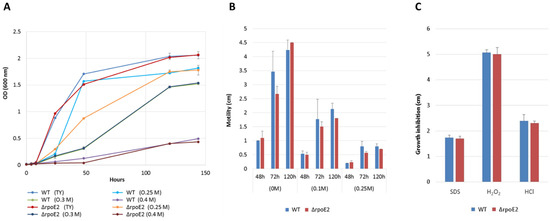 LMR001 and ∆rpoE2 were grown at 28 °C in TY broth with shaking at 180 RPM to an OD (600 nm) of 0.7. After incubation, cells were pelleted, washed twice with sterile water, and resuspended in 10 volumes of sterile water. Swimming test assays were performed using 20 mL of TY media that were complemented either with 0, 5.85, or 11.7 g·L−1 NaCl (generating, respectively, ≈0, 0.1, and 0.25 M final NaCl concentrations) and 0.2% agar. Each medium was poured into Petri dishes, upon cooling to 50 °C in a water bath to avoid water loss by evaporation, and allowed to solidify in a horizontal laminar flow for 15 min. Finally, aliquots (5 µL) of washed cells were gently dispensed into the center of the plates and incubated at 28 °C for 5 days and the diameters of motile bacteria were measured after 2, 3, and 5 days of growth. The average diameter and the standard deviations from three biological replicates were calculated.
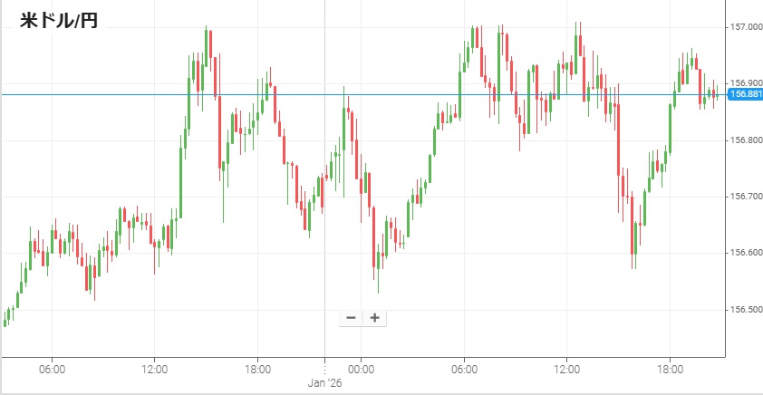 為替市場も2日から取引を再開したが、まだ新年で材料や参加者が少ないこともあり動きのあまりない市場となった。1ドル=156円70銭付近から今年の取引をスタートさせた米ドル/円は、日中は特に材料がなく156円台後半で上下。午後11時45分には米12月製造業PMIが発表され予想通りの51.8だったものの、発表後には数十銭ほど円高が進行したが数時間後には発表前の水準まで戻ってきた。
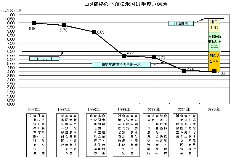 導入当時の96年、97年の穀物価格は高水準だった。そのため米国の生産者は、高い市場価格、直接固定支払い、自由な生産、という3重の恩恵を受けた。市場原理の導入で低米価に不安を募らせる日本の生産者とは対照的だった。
################
Work instructions
Restate word for word, and only, the lines from the line that contains "為替市場も2日から取引を再開" through the end of the data, both included; pictures are not part of the copy.

Exercise answer
 為替市場も2日から取引を再開したが、まだ新年で材料や参加者が少ないこともあり動きのあまりない市場となった。1ドル=156円70銭付近から今年の取引をスタートさせた米ドル/円は、日中は特に材料がなく156円台後半で上下。午後11時45分には米12月製造業PMIが発表され予想通りの51.8だったものの、発表後には数十銭ほど円高が進行したが数時間後には発表前の水準まで戻ってきた。
 導入当時の96年、97年の穀物価格は高水準だった。そのため米国の生産者は、高い市場価格、直接固定支払い、自由な生産、という3重の恩恵を受けた。市場原理の導入で低米価に不安を募らせる日本の生産者とは対照的だった。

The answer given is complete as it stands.